A common but misleading approach is to compare P values for separate analyses of the treatment effect in each group. Categorising continuous variables to create subgroups is often done for simplicity and because it is perceived as easier to understand and communicate. Major limitations of the approach include the splitting of a continuous variable into discrete subgroups by arbitrarily chosen cut-off points that lack clinical or biological plausibility, which loses information, and thus reduces statistical power [419]. Choosing cut-off points based on achieving statistical significance should be avoided. It is incorrect to infer a subgroup effect (interaction) from one significant (in one subgroup) and one non-significant P value (in another subgroup). The rationale for any subgroups should be outlined (including how they are defined), along with whether the subgroups were specified a priori in the protocol or statistical analysis plan or were done post hoc.
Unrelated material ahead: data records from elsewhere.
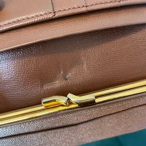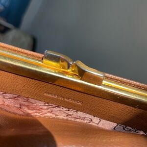 This beautiful vintage YSL is an incredibly beautiful, timeless piece. Featuring beautiful hardware covered corners and a durable exterior leather. The inside is absolutely clean, no scratching, rubbing or cracks, just imprint of the kisslock and some coin residue. It is made in Mexico.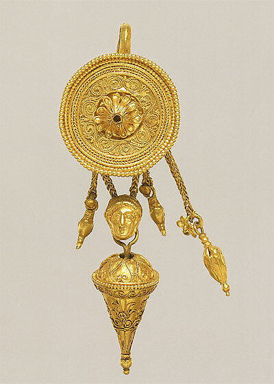 • Title: Gold disk earring with a female head and cone pendants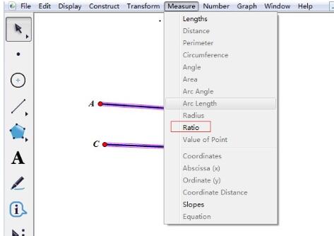 1.用侧边栏“移动箭头工具”依次选中两条线段,单击上方菜单栏“度量”菜单,在其下拉选项选择“比”命令,如图所示。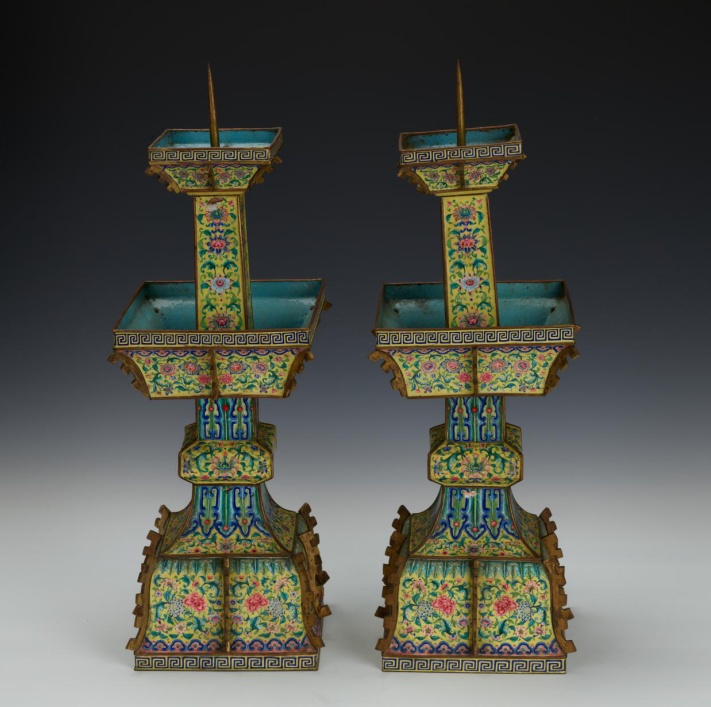 燭臺(tái)共兩件,形制相同。銅胎。由上下兩盤、承柱、方形高圈足組成,上盤內(nèi)有銅釬用以插燭,器身飾扉棱。盤內(nèi)壁施淺藍(lán)色琺瑯釉,外壁以黃色琺瑯釉為地,飾回紋、纏枝花卉紋、蕉葉紋、如意云頭紋等。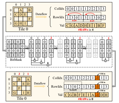 我们提出了一种最小相似度重排算法。该算法利用掩码数组计算稀疏块中列间相似度,进而以列为单位进行非零元重排,同时结合插值操作,有效消除原始数据流中的RAW依赖。

Because of the high risk for spurious findings, subgroup analyses are often discouraged. Post hoc subgroup comparisons (analyses done after looking at the data) are especially likely not to be confirmed by further studies. Most of these analyses do not have substantial credibility.
An alternative and stronger approach, which avoids the need to specify cut-off points to assess the interaction between a continuous variable (eg, age) and treatment effect would be to fit a regression model, which can be presented graphically to examine how the estimated treatment effects varies with the level of the variable [420]. These analyses are more complex, requiring model assumptions to capture the relationship (linear or non-linear) between the variable and the treatment effect. Authors should clearly describe the statistical methods used to explore the treatment-covariate interaction.